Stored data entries
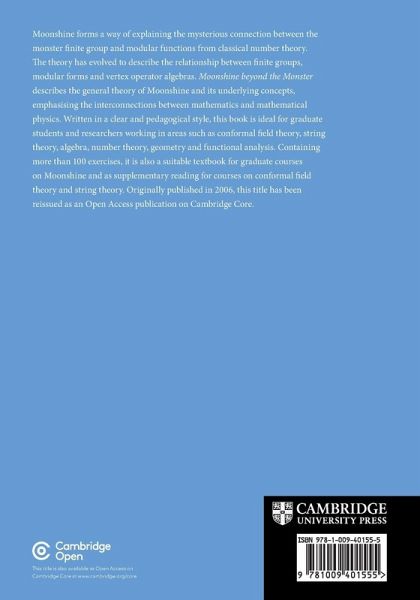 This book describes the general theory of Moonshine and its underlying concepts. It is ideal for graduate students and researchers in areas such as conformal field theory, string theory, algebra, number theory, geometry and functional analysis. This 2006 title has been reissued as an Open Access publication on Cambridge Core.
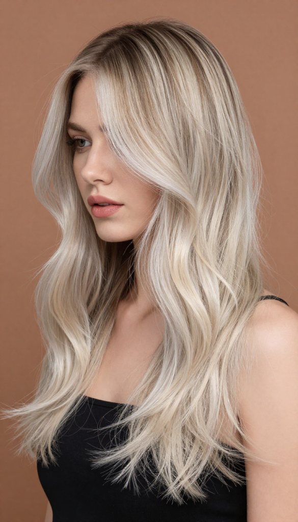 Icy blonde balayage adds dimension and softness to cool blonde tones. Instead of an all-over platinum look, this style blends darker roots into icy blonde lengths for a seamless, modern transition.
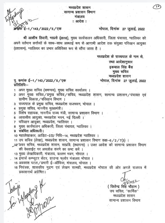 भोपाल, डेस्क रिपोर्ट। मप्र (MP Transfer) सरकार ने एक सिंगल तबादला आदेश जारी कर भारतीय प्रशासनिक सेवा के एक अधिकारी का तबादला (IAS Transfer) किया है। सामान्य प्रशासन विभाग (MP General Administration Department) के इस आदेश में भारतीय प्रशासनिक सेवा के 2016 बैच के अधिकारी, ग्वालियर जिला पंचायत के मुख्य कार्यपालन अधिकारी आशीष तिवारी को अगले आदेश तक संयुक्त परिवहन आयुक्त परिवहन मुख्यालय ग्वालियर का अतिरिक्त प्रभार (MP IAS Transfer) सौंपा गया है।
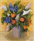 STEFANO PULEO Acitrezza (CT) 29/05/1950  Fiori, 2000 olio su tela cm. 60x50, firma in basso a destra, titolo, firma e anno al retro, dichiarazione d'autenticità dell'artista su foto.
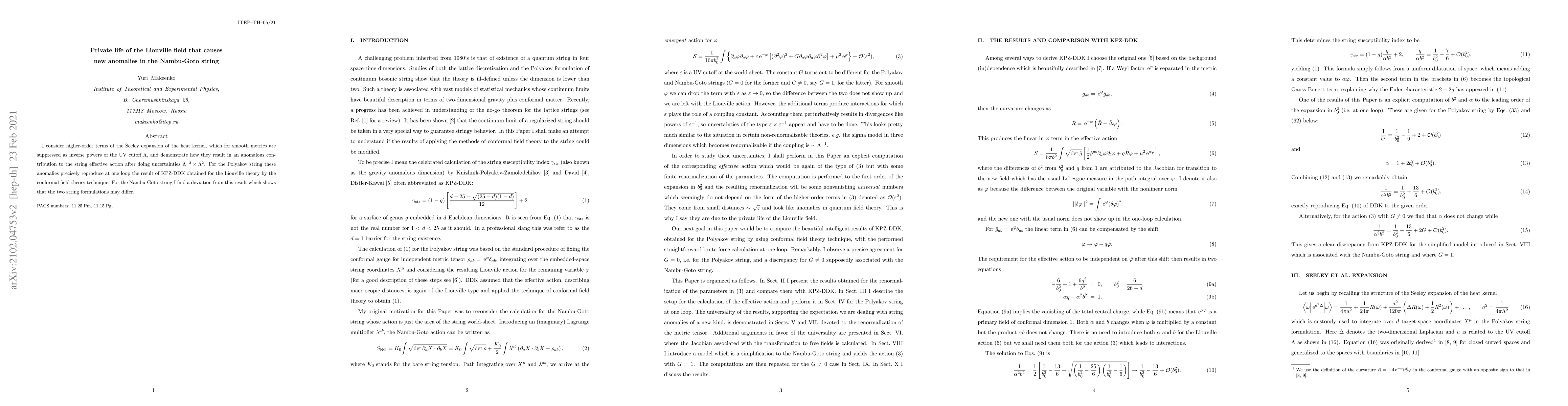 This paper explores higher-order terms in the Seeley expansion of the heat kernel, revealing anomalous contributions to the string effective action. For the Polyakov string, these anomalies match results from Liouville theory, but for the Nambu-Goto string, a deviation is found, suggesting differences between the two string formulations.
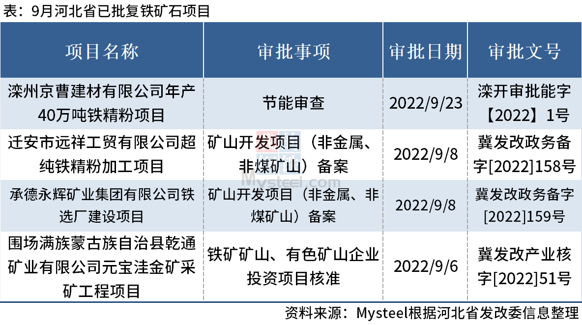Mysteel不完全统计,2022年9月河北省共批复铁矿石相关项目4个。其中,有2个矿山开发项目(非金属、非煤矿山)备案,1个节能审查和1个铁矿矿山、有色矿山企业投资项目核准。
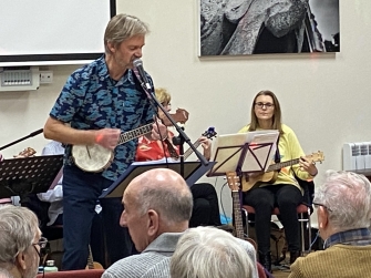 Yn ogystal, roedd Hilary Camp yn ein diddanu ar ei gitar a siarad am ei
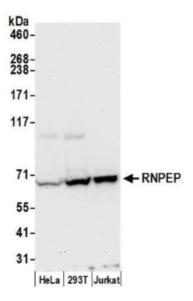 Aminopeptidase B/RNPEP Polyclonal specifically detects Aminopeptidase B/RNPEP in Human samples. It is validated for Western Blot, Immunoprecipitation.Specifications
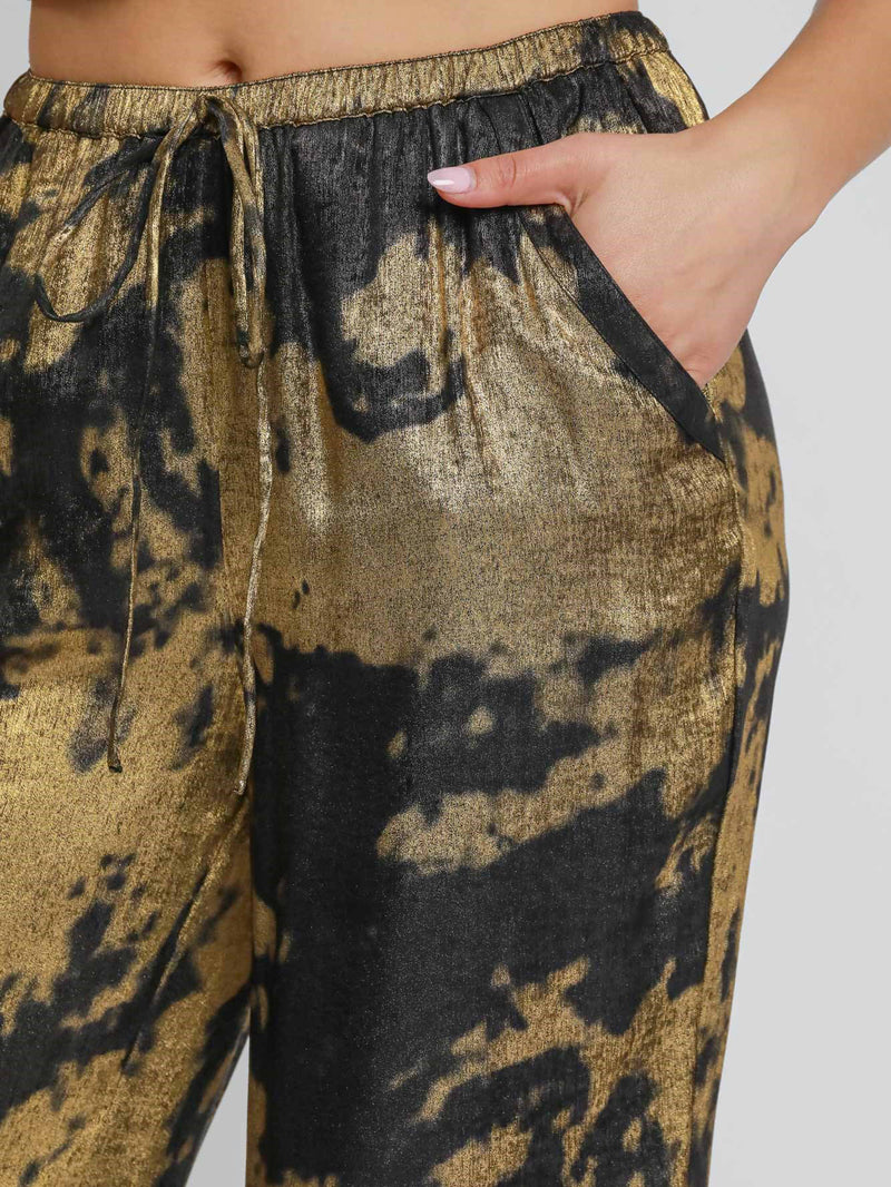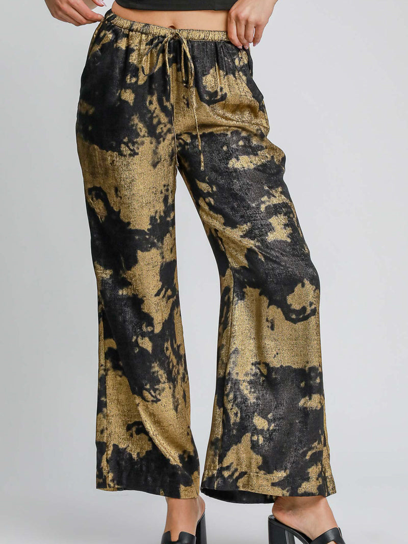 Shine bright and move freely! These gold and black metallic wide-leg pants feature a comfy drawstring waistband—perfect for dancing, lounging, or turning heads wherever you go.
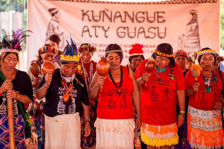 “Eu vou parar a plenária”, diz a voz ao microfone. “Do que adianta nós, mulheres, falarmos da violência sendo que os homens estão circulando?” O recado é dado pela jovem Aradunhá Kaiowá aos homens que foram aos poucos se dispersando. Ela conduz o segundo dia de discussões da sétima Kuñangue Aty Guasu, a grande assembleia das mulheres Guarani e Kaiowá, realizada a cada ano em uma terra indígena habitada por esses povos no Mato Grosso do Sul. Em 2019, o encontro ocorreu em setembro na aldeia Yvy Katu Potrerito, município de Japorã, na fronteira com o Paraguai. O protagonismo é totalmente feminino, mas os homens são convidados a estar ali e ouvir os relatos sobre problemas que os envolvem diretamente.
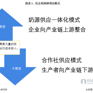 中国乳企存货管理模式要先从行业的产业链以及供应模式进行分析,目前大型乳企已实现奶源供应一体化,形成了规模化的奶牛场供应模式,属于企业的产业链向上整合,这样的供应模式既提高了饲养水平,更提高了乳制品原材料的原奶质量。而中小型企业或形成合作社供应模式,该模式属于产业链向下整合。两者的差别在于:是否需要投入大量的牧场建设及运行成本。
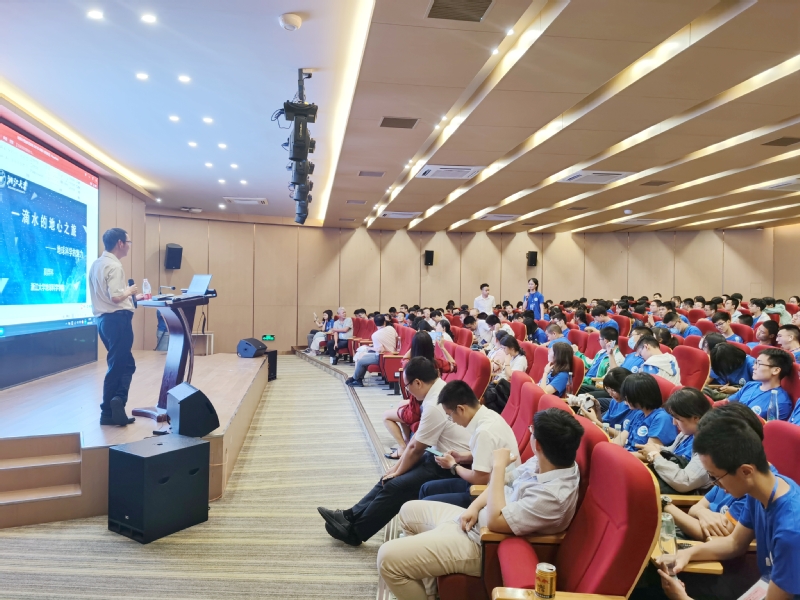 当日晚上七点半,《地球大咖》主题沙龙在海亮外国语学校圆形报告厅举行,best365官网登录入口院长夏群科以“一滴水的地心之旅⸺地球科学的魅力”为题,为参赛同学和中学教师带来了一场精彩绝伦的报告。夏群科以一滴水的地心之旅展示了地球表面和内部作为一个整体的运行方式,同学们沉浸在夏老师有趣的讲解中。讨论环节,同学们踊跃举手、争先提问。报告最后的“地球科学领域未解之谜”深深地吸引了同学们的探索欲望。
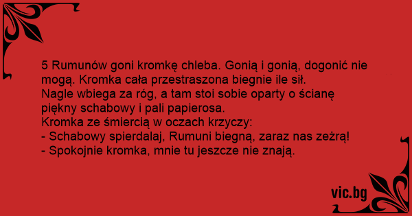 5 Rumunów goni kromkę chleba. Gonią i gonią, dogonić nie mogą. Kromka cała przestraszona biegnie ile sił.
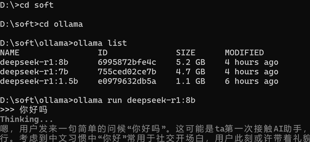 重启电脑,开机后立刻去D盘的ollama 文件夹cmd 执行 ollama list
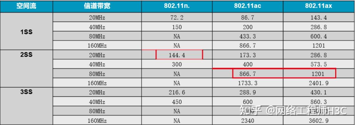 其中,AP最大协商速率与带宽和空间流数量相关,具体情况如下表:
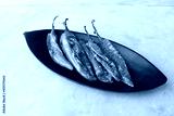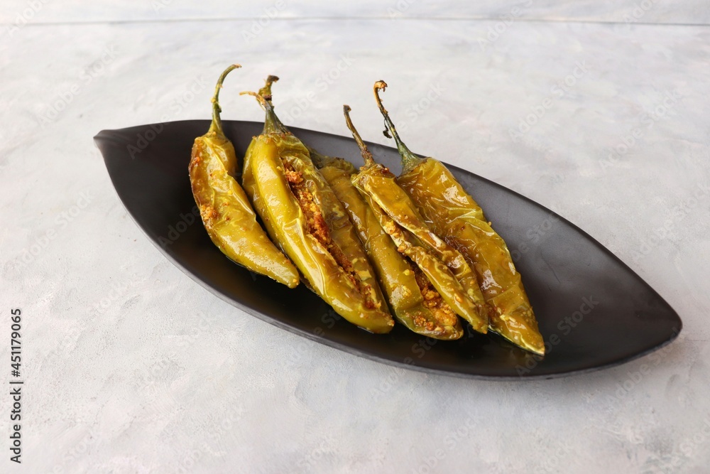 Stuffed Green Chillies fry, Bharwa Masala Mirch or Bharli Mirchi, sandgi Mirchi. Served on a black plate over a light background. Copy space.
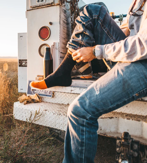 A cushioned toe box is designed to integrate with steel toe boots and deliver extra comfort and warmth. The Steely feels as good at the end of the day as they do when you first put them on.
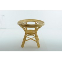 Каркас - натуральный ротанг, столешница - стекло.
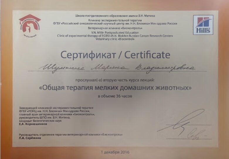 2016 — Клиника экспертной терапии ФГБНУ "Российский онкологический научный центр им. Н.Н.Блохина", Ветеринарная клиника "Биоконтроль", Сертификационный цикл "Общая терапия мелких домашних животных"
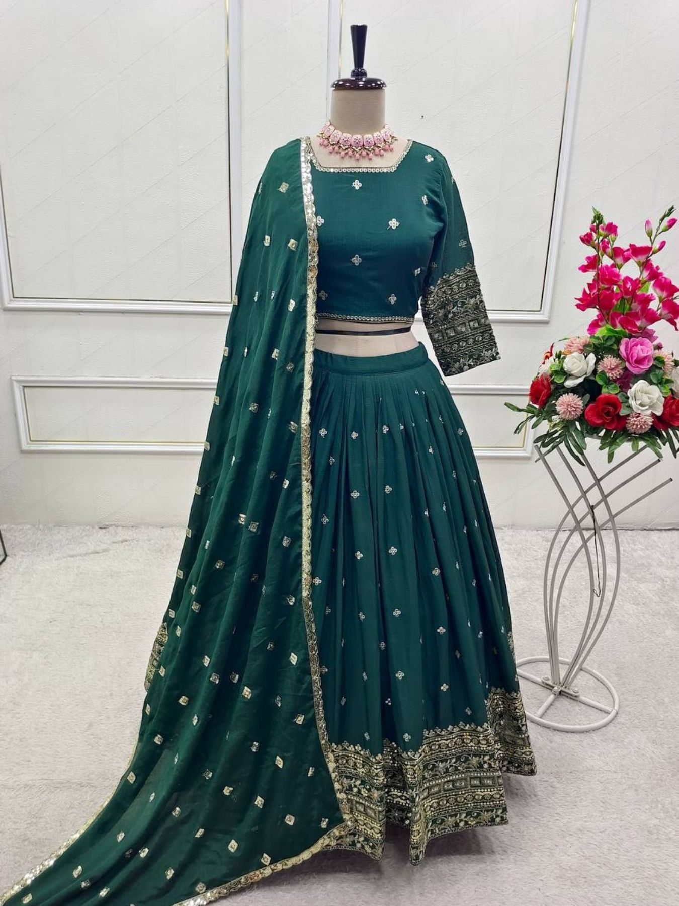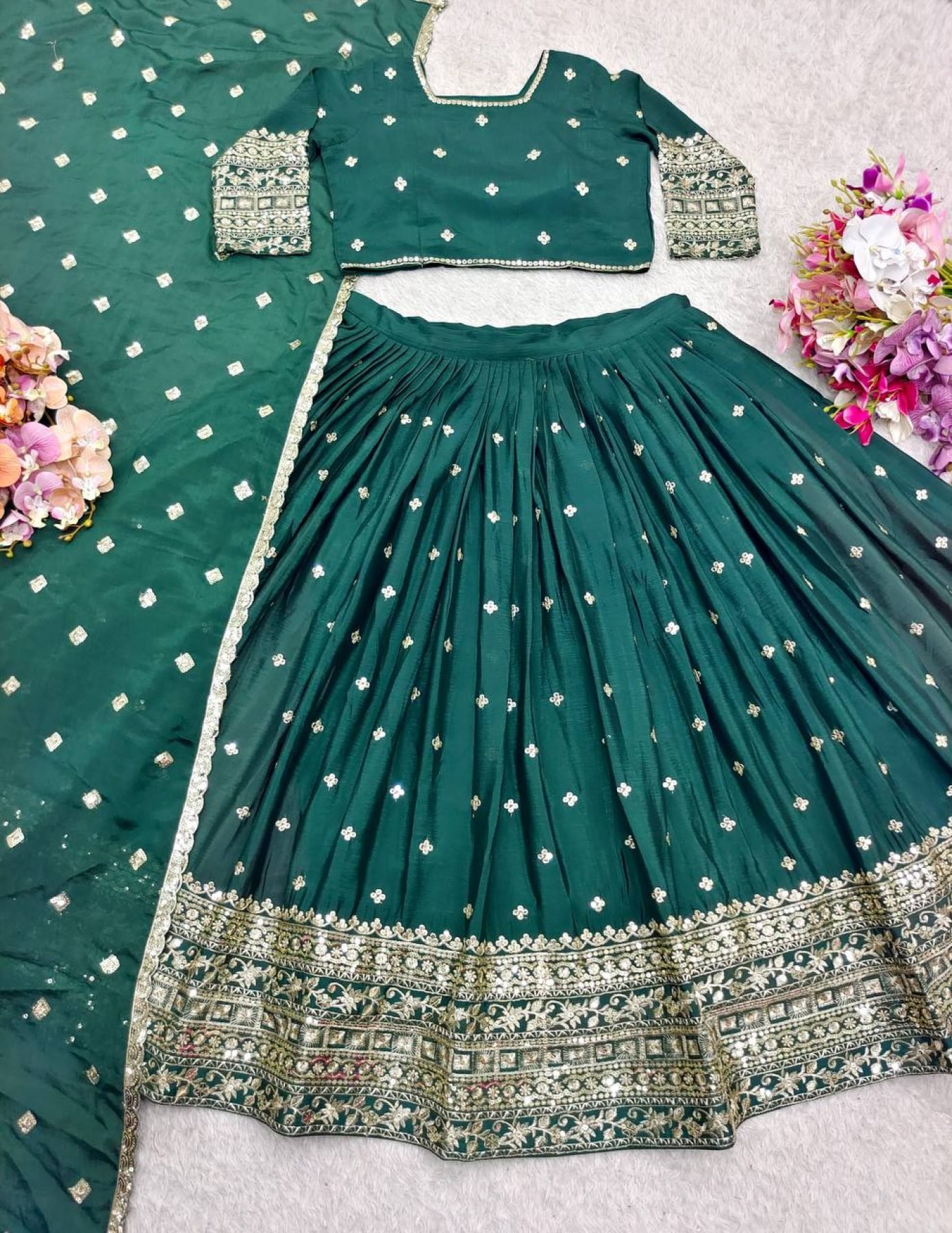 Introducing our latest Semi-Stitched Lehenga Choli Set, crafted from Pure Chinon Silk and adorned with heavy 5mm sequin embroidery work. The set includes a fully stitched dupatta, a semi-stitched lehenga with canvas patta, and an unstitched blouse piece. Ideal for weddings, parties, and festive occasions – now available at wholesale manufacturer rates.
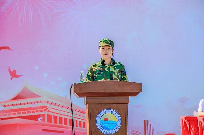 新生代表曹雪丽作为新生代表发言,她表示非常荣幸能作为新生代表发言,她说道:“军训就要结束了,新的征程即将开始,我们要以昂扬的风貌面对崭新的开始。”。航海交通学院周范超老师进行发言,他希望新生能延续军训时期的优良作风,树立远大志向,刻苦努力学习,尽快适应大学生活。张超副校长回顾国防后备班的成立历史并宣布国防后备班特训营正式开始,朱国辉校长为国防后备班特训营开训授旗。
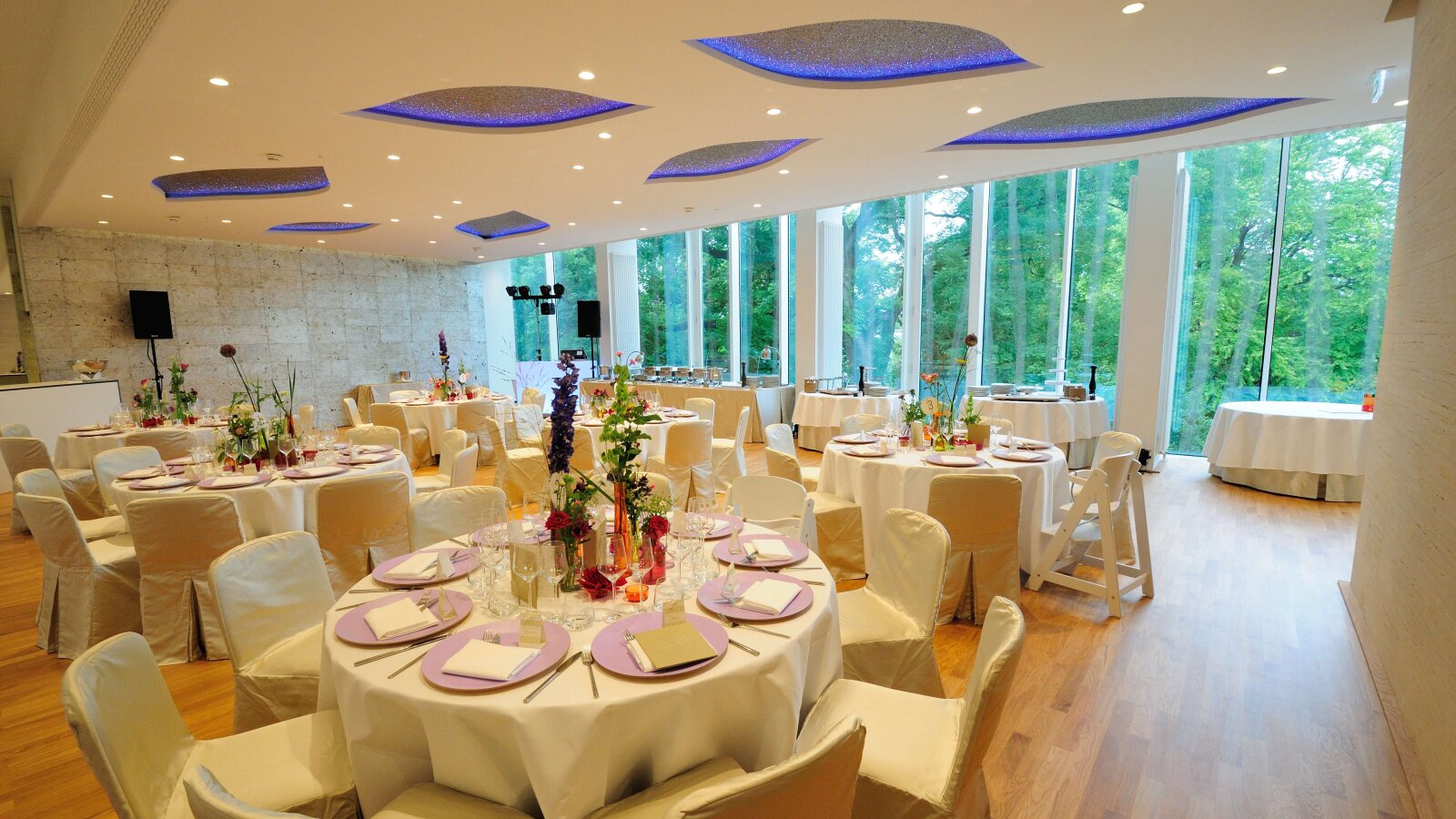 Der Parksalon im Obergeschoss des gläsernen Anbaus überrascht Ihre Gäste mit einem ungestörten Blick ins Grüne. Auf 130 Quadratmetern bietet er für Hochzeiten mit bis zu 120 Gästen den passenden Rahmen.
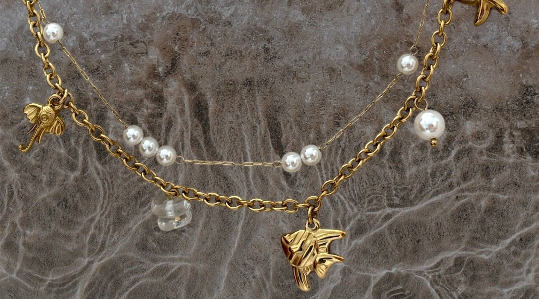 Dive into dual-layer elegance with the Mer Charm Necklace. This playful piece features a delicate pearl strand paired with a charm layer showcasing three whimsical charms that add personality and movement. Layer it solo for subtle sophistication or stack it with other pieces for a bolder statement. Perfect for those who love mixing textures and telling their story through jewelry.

◆ PROBLEM TO WORK ON:
For this exercise, set down the lines in the entries above from the one with "Aminopeptidase B/RNPEP Polyclonal" through the one with "Shine bright and" exactly as written, without any pictures.

◆ YOUR RESPONSE:
 Aminopeptidase B/RNPEP Polyclonal specifically detects Aminopeptidase B/RNPEP in Human samples. It is validated for Western Blot, Immunoprecipitation.Specifications
 Shine bright and move freely! These gold and black metallic wide-leg pants feature a comfy drawstring waistband—perfect for dancing, lounging, or turning heads wherever you go.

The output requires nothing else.